Tuesday, 12/25/2001 6:36:03 PM

Tuesday, December 25, 2001 6:36:03 PM

Post# of 54401
Stockscores rules (from an email)

1. There Are No Blue Chips - once upon a time, the largest
companies
in the world could be trusted to grow and prosper, and investors could
count on a return on their investment. This year, Enron, the sixth
largest
company in the US, went bankrupt. General Electric, the largest company
in
the world at one time has lost half of its value from earlier in the
year,
Nortel, the largest company in Canada, is now about 80% lower than
where it
started 2001. Have no faith in established names.
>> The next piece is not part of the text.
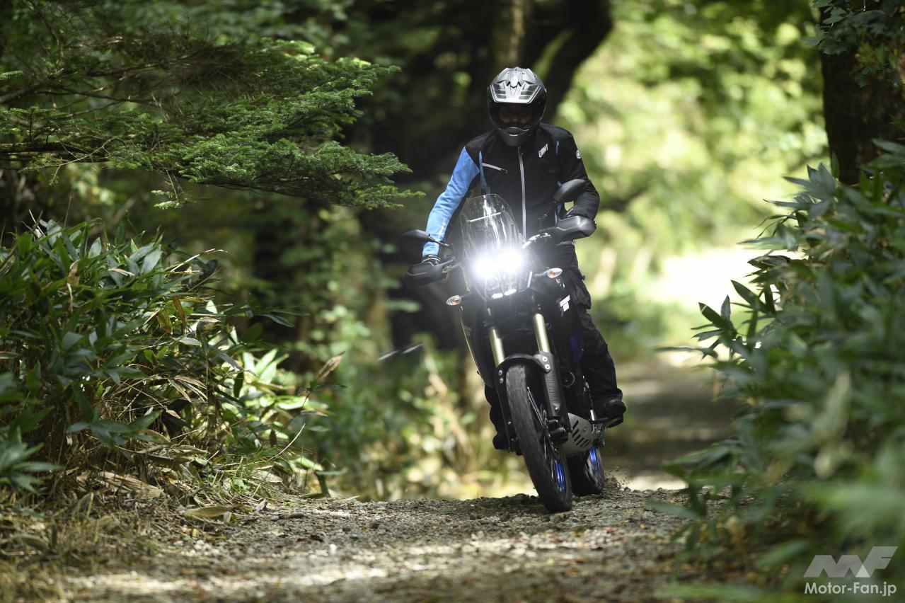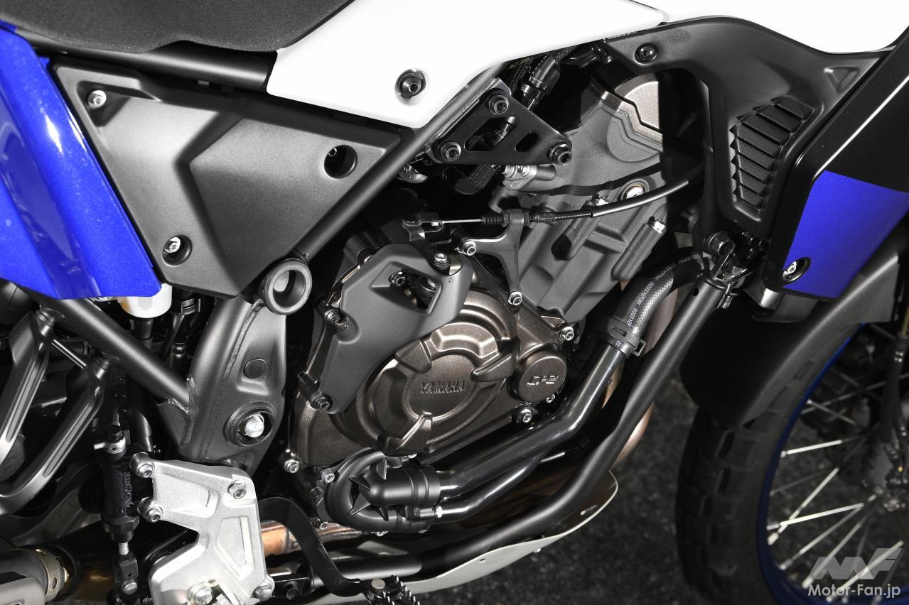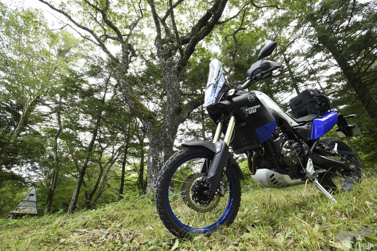 僕がテネレ700で特に感心したのは以下の3点。まず1つ目は、270度クランクの並列2気筒が発生するトラクションの濃厚さ。もっとも、同じエンジンを搭載する既存のMT-07やXSR700だって、トラクションはわかりやすかったのだけれど、車体と吸排気系を専用設計したテネレ700は、さらに3割増し?と言いたくなる印象で、舗装路ではリアのグリップ力、未舗装路ではリアのスライドを、自在にコントロールしている感触が味わえる。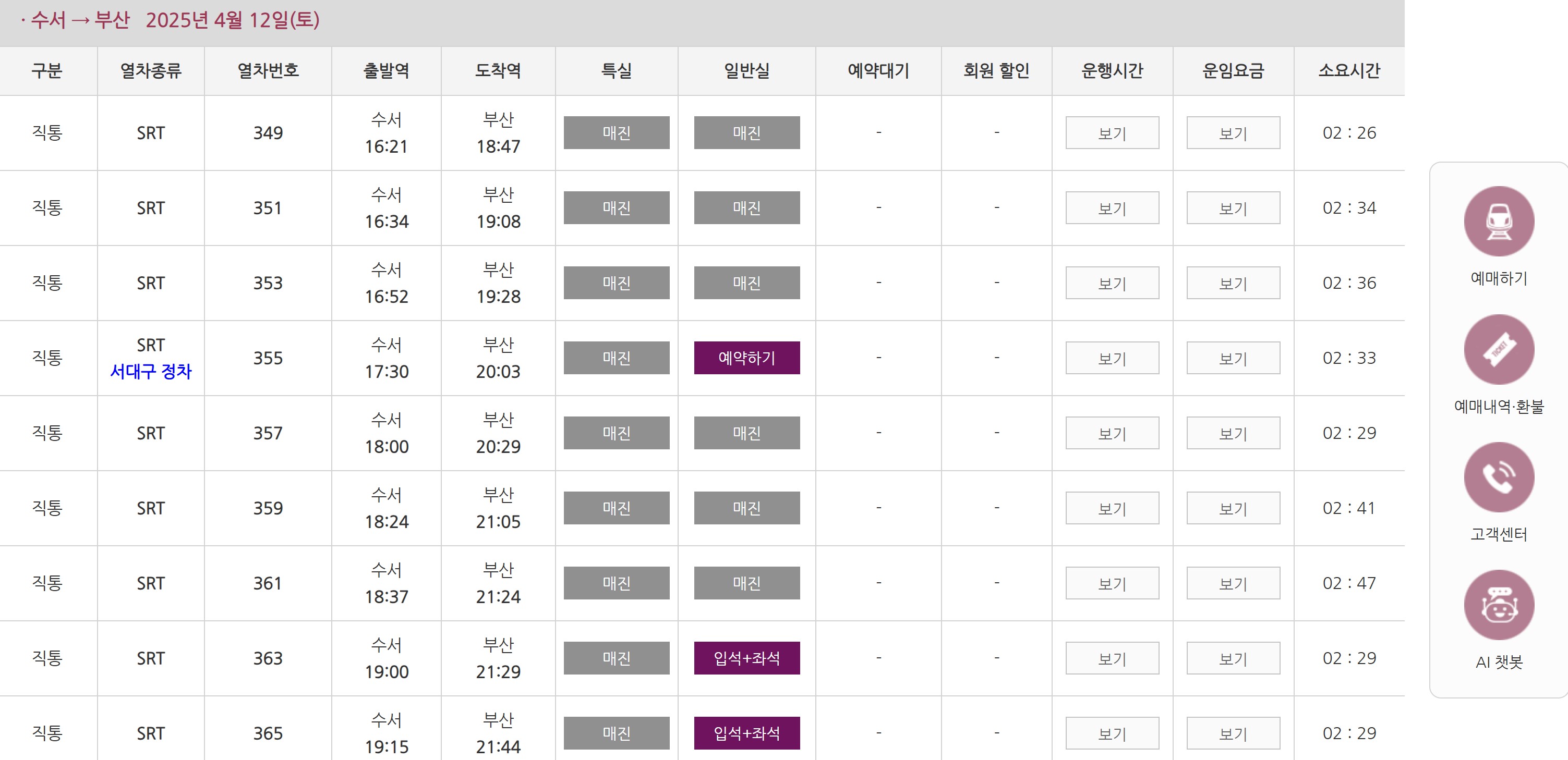 - 출발역 및 도착역 선택:수서, 동탄, 평택지제 등 출발역과 도착역을 선택합니다

2. Don't Consider Stocks with a Sentiment Stockscore of less than
60 -
this simple rule would have kept you out of the balance of the
downslide of
this years many disaster stocks. Take a look at 24 month charts for
companies like Yahoo (YHOO), Lucent (LU), AT&T (T) or Nortel (T.NT, NT)
for
evidence of this.

3. The Stock Market is Not Fair - access to information is not the
same for all investors; there is always someone who knows more than the
rest of us and they have an advantage. To be successful, you have to
use
the tools and methods of Stockscores.com to determine what the well
informed are doing in the market.

4. Buy and Hold is Old - most of the time, most stocks stumble
along
with the rest of the market. It is only during periods of significant
fundamental change that stocks can dramatically outperform the market.
To
beat the stock market, you have to play these stocks at these times,
which
tend to be quite short in term. A more active approach takes advantage
of
market volatility.

5. You Must Manage Risk by Limiting Losses - before you buy a
stock,
plan to lose. Plan your exit point and stick to it. You can not be
right on
every investment you make, but if you can limit losses when you are
wrong,
you can be successful over the longer term.

6. Don't Listen to the Media - the media, for the most part, is
reactionary. The stock market predicts the future economic reality.
That
means the media is usually one step behind. When the headlines are
about
how great things are, dance close to the exit door. When the media
talks of
gloom and doom, look for a dance partner.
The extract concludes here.